Сквозь сон я что-то рассказывал ей, а она сидела молча и покачивалась. Мне казалось, что горячее тело её пахнет воском и ладаном и что она скоро умрёт. Может быть, даже сейчас вот ткнётся лицом в пол и умрёт. Со страха я начинал говорить громко, но она останавливала меня:
— Шш! А то сволочи проснутся, подумают про тебя, что ты любовник мой…
Сидела она около меня всегда в одной позе: согнувшись, сунув кисти рук между колен, сжимая их острыми костями ног. Грудей у неё не было, и даже сквозь толстую холстину рубахи проступали рёбра, точно обручи на рассохшейся бочке. Сидит долго молча и вдруг прошепчет:
— Хоть умереть бы, что ли, такая всё тоска…
Или спросит кого-то:
— Вот и дожила — ну?
— Спи! — говорила она, прерывая меня на полуслове, разгибалась и, серая, таяла бесшумно в темноте кухни.
— Ведьма! — звал её Саша за глаза.
Я предложил ему:
— А ты в глаза скажи ей это!
— Думаешь, побоюсь?
Но тотчас же сморщился, говоря:
— Нет, в глаза не скажу! Может, она вправду ведьма…
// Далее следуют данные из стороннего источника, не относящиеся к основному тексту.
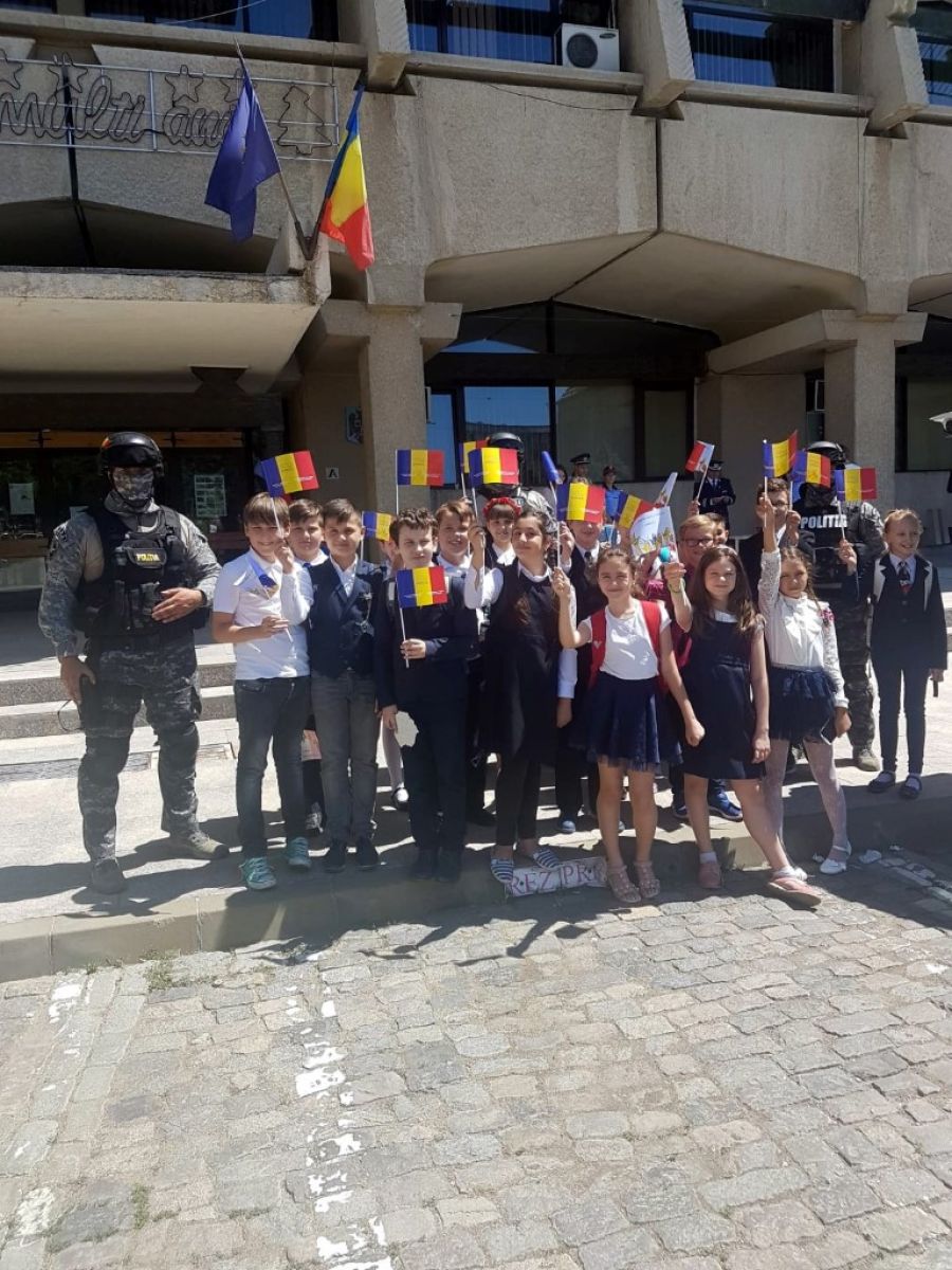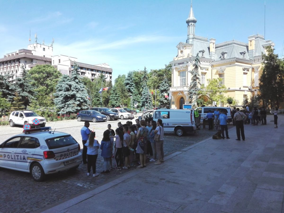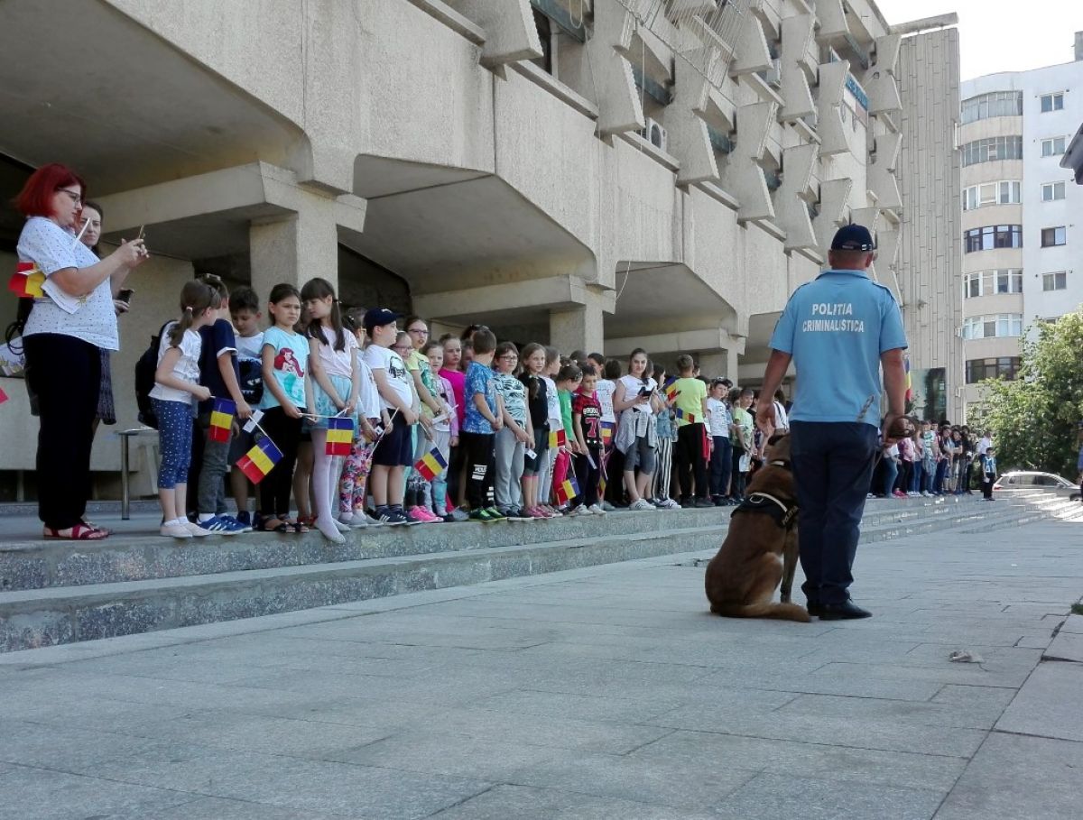 Peste 200 de copii de la mai multe unităţi şcolare din municipiul Botoşani au venit astăzi să stea de vorbă cu poliţiştii, în parcarea din faţa Prefecturii.
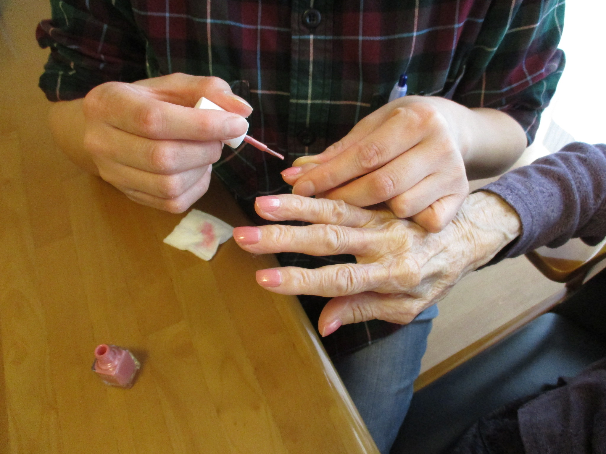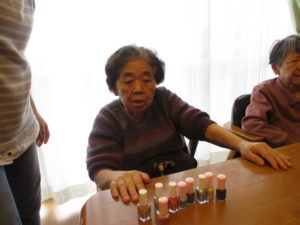 職員にマニキュアを塗ってもらいおしゃれを楽しみました。色とりどりのネイルで

Относясь ко всем пренебрежительно и сердито, она и мне ни в чём не мирволила,— дёрнет меня за ногу в шесть часов утра и кричит:
— Буде дрыхнуть-то! Тащи дров! Ставь самовар! Чисти картошку!..
Просыпался Саша и ныл:
— Что ты орёшь? Я хозяину скажу, спать нельзя…
Быстро передвигая по кухне свои сухие кости, она сверкала в его сторону воспалёнными бессонницей глазами:
— У, Богова ошибка! Был бы ты мне пасынок, я бы тебя ощипала.
— Проклятая,— ругался Саша и по дороге в магазин внушал мне: — Надо сделать, чтоб её прогнали. Надо, незаметно, соли во всё подбавлять,— если у неё всё будет пересолено, прогонят её. А то керосину! Ты чего зеваешь?
— А ты?
Он сердито фыркнул:
— Трус!
Кухарка умерла на наших глазах: наклонилась, чтобы поднять самовар, и вдруг села на пол, точно кто-то толкнул её в грудь, потом молча свалилась на бок, вытягивая руки вперёд, а изо рта у нее потекла кровь.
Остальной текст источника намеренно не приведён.